### Required action
Your response to the data below should hold nothing except the lines from the one containing "Przedpokój również wyposażony" down to the one containing "Maldonado, E. M., Fisher, C.", reproduced exactly and without pictures.

### The input
*** Begin section ***

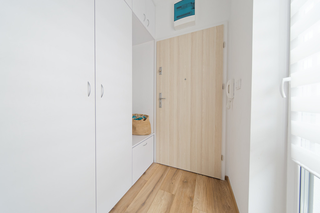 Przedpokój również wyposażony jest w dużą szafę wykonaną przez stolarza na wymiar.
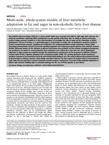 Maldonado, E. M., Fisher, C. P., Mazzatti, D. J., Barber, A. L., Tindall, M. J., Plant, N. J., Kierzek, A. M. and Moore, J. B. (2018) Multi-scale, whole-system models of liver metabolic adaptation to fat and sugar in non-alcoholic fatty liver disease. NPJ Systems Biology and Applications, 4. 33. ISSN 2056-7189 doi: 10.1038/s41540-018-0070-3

*** End section ***
*** Begin section ***

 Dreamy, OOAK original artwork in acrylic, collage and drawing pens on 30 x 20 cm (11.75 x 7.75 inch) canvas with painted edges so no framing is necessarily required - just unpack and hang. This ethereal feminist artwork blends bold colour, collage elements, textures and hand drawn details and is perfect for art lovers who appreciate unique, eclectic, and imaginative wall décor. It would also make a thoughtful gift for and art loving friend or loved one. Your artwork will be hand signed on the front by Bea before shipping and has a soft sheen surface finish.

*** End section ***

### Response below
 Przedpokój również wyposażony jest w dużą szafę wykonaną przez stolarza na wymiar.
 Maldonado, E. M., Fisher, C. P., Mazzatti, D. J., Barber, A. L., Tindall, M. J., Plant, N. J., Kierzek, A. M. and Moore, J. B. (2018) Multi-scale, whole-system models of liver metabolic adaptation to fat and sugar in non-alcoholic fatty liver disease. NPJ Systems Biology and Applications, 4. 33. ISSN 2056-7189 doi: 10.1038/s41540-018-0070-3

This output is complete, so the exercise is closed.